Information shown:

========================

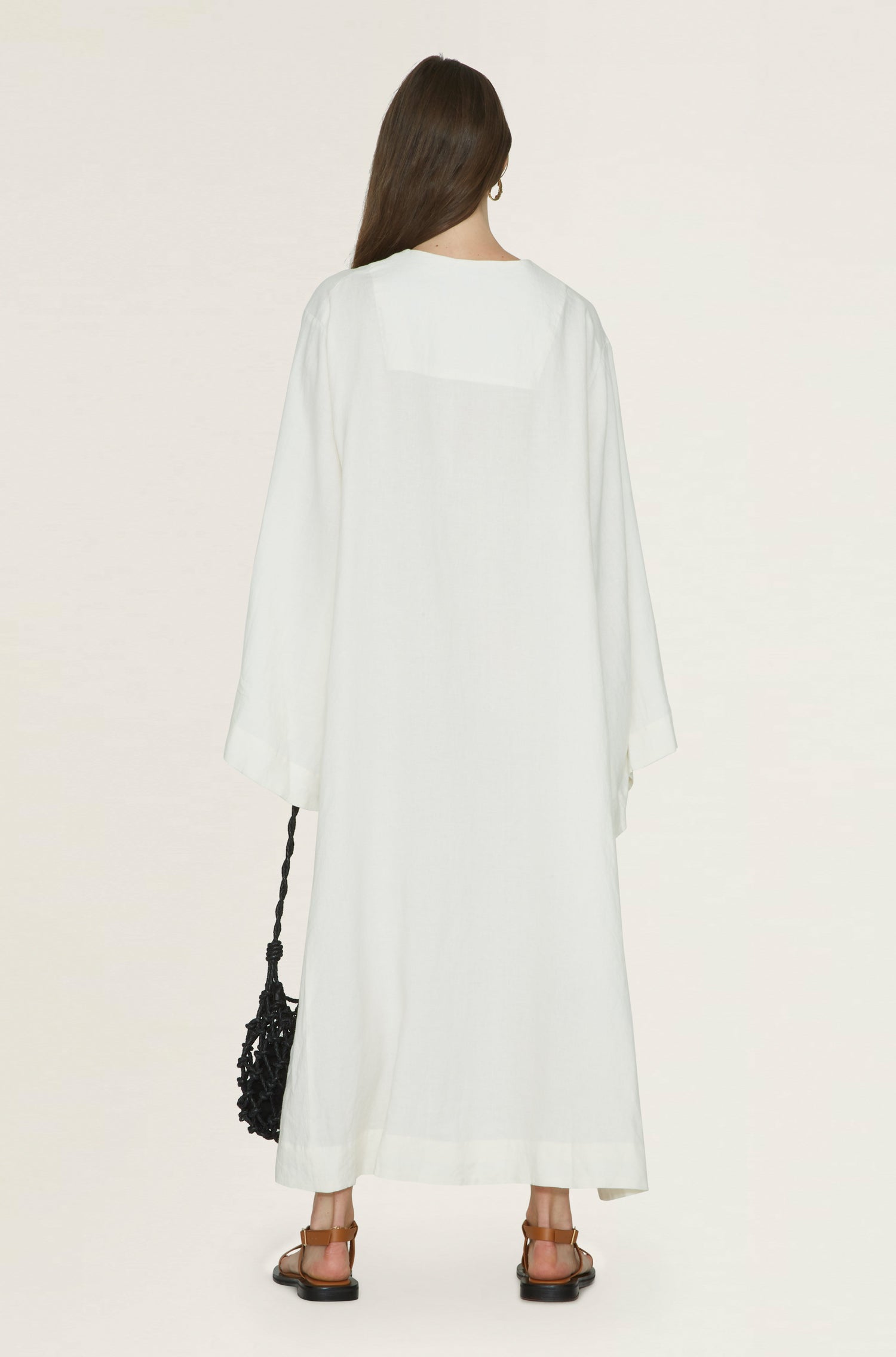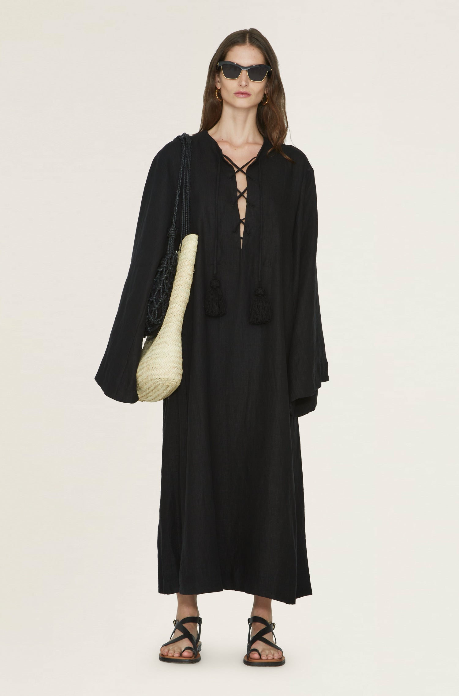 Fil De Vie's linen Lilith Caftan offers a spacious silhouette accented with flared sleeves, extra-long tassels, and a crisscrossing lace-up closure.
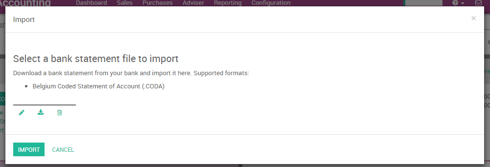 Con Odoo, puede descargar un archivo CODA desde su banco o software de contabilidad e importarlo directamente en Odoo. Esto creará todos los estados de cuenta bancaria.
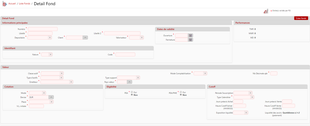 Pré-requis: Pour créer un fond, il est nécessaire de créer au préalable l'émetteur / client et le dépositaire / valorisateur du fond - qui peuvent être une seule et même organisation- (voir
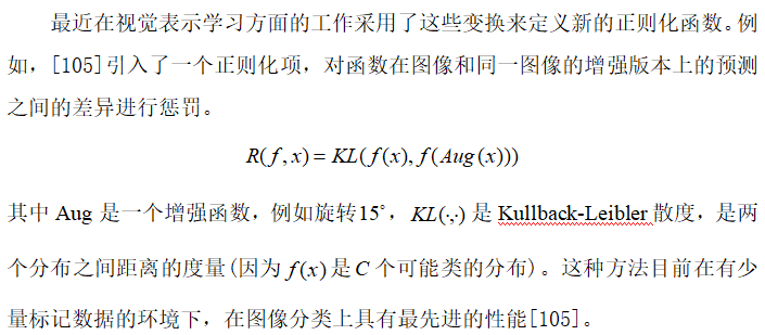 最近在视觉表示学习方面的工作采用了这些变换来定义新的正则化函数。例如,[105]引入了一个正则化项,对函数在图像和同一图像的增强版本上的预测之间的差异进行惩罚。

========================

Required action:
Reproduce each line above precisely, with no pictures.

Problem solution:
 Fil De Vie's linen Lilith Caftan offers a spacious silhouette accented with flared sleeves, extra-long tassels, and a crisscrossing lace-up closure.
 Con Odoo, puede descargar un archivo CODA desde su banco o software de contabilidad e importarlo directamente en Odoo. Esto creará todos los estados de cuenta bancaria.
 Pré-requis: Pour créer un fond, il est nécessaire de créer au préalable l'émetteur / client et le dépositaire / valorisateur du fond - qui peuvent être une seule et même organisation- (voir
 最近在视觉表示学习方面的工作采用了这些变换来定义新的正则化函数。例如,[105]引入了一个正则化项,对函数在图像和同一图像的增强版本上的预测之间的差异进行惩罚。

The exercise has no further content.